16089
Integration of Copy Number and Exome Sequence Data in a Queryable Database for the Investigation of ASDs
Objectives: To develop a pilot queryable and scalable database for effective integration of whole exome sequence data and CNV data in order to identify additional genes and variants of interest in ASD.
Methods: A pilot database was developed using available data for 24 probands—23 male and 1 female. Exome sequence data were variant-called with GATK and TrioCaller, exported to a variant call format (VCF), and annotated with ANNOVAR. The VCF contained information such as position, phased genotype, raw read depth, and multiple measures of deleteriousness and conservation. CNV calls were generated by CNVision using Illumina 1M array data and contained information including position, copy number, ancestry, gender, and the calling algorithm used for detection (PennCNV, GNOSIS, and/or QuantiSNP). A MySQL database with four relational tables containing all variant and proband data was developed. The database was queried for rare hemizygous deleterious variants by specifying SNVs with a minor allele frequency less than 5% and possibly deleterious LJB_PolyPhen2 scores which are within areas of CNV deletion.
Results: Eight rare hemizygous and putative deleterious SNVs were found in the population. Three of the eight (rs59056023, rs17844333, rs115218749) were found in CNV deletion regions within the gene PCDHA9, encoding protocadherin alpha 9. By issuing further queries, it was determined that nine of the 24 individuals (37.5%) have at least one region of deletion within the PCDHA9 gene.

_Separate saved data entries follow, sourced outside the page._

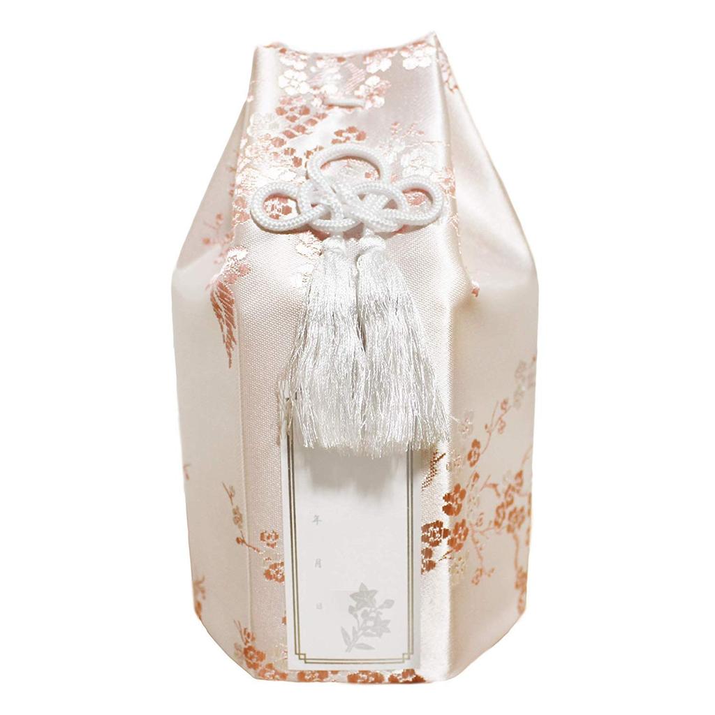 Silk Plum Blossom Urn Cover (Pink, 4 inches) - Includes Buddhist Name Sticker, Perfect for Keeping Funerals
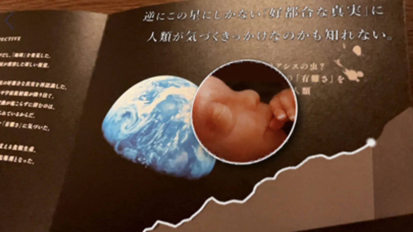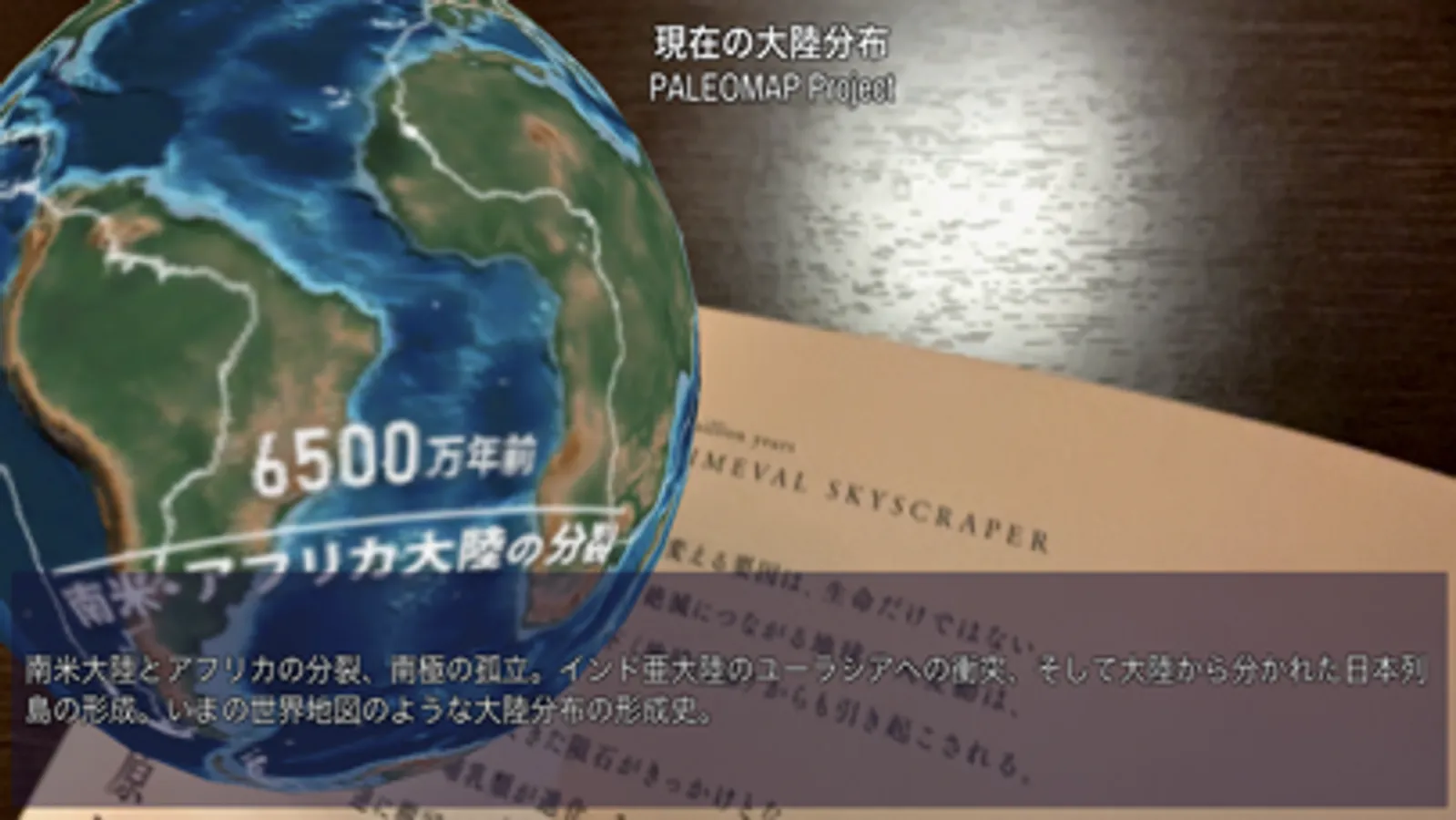 The AR function is designed to enhance users’ experience of this Earth Chronicle. On each page of the calendar, by downloading this app onto your smartphone and hovering your device over the page, you can view related phenomena such as continental drift, migration of Sapiens, and global warming simulations in the future with a live 3D globe (not unlike a pop-up picture book), or dynamically fluctuating graph pattern which traces change in temperature and climate during each period.
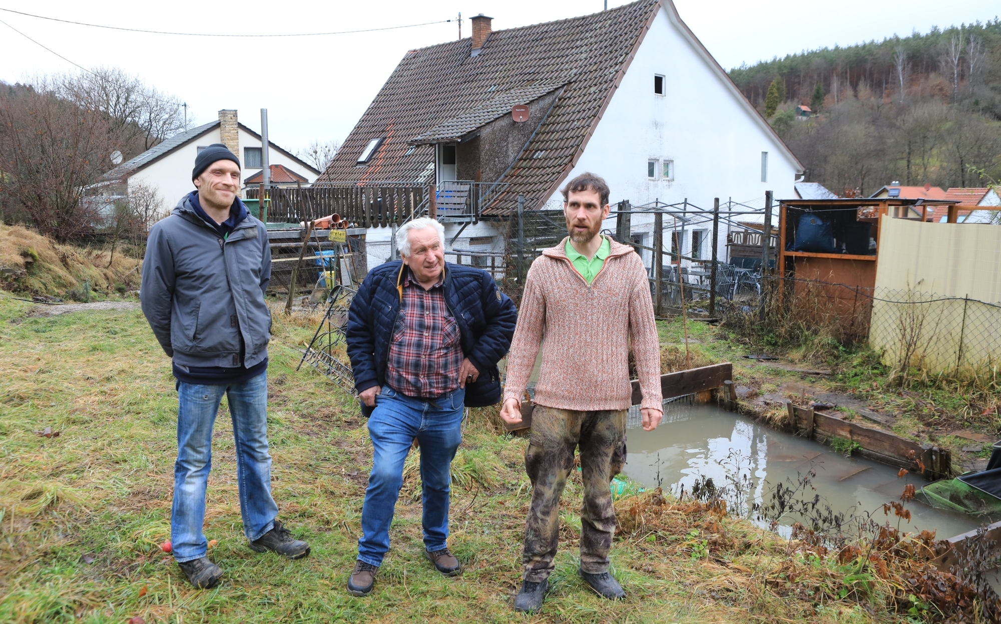 Im ehemaligen Mühlbach am Ortsrand von Baach sprudelt nach den Regenfällen der vergangenen Tagen munter das Wasser. Doch auch unter der Oberfläche herrscht viel Bewegung: Dort huschen dunkle Schatten umher, hin und wieder durchbricht eine zappelnde Schwanzflosse die Oberfläche. Etwa 900 Kilogramm lebende Fische tummeln sich hier nämlich im Wasser. Diese werden von Matthias Layer regelmäßig geschlachtet und dann für den Verkauf geräuchert – oder sie landen im Gastraum des Baacher
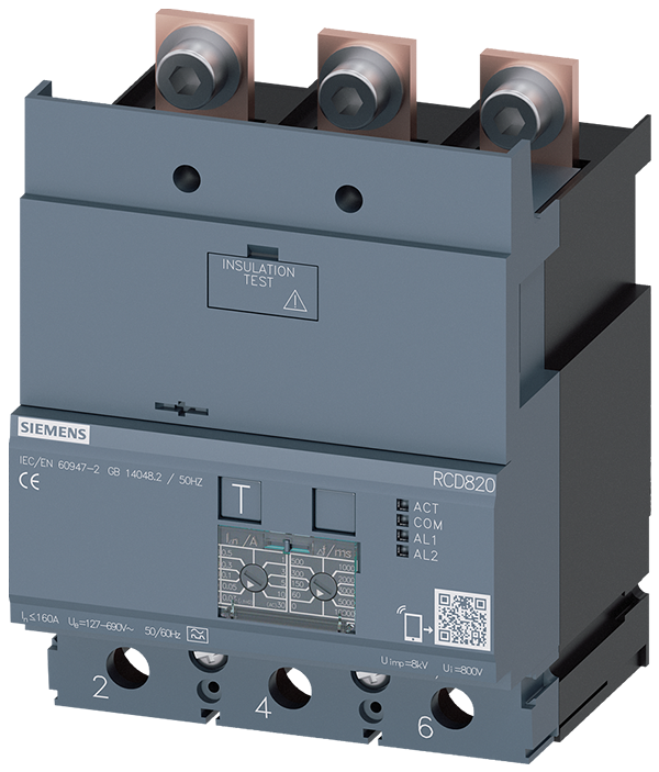UNIDAD PROTEC. DIFERENCIAL RCD820 ADVANCED RCD TIPO A MONTADO ABAJO SENSIBILIDAD ASIGNADA 0,03..30A CON 50/60HZ EINSTELLBARER TV 0…10000MSEK 3- POLIG IN=160A UE=100-690V ACCESORIO PARA: 3VA2
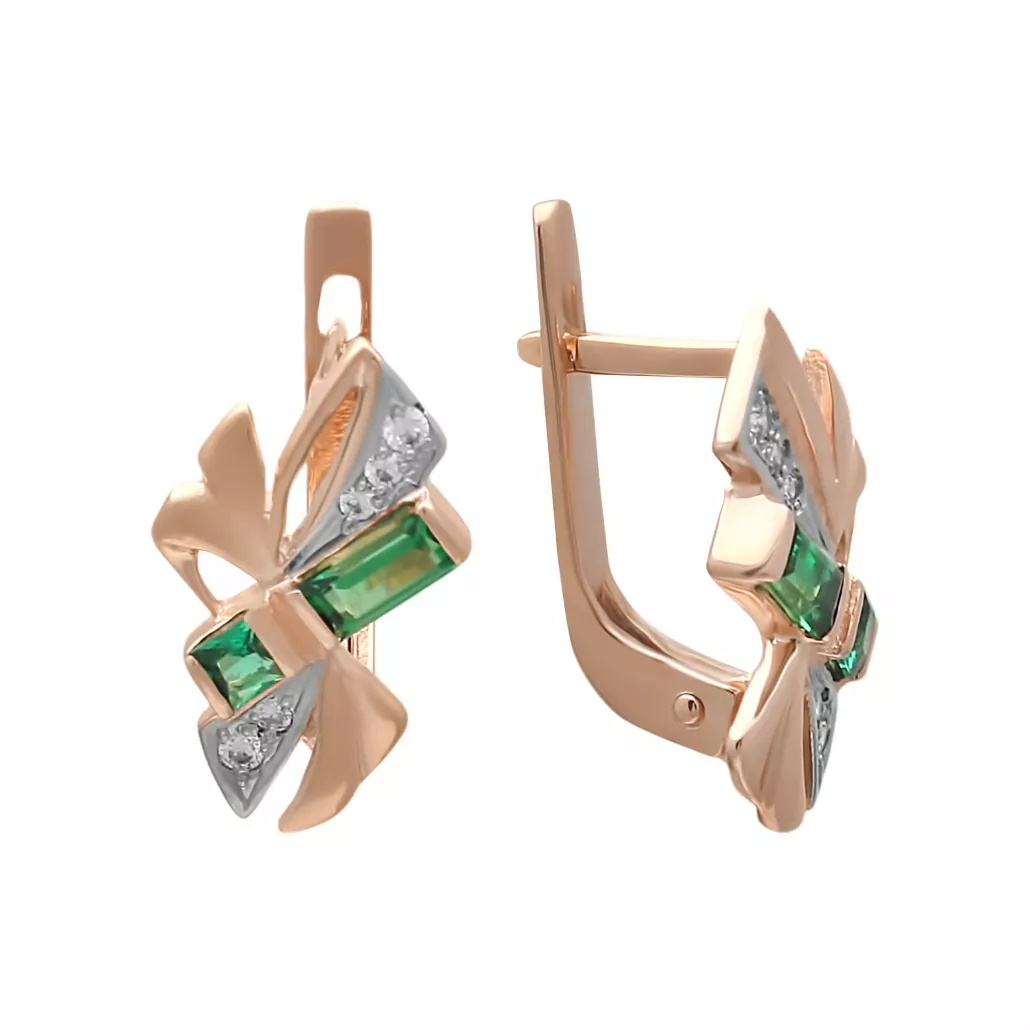 - Серьги с фианитом и изумрудом из золота

Conclusions: Through this investigation of rare, hemizygous deleterious variants in ASD probands, we present an efficient approach for effectively integrating different data types and demonstrate that the approach is simple, although robust with even a small sample of data. Database queries are easily customizable for multiple parameters, such as deleteriousness, copy number, conservation, exonic function, MAF, among others. Our initial application of the methodology suggests a further need for investigation into the characterization of rare SNVs within CNV regions. Further attention to PCDHA9 is warranted, especially given its predicted role in establishing and maintaining neuronal cell-cell connections. Other applications of this database framework and integration of additional types of genomic and phenotypic data for ASD investigation will be considered as future directions.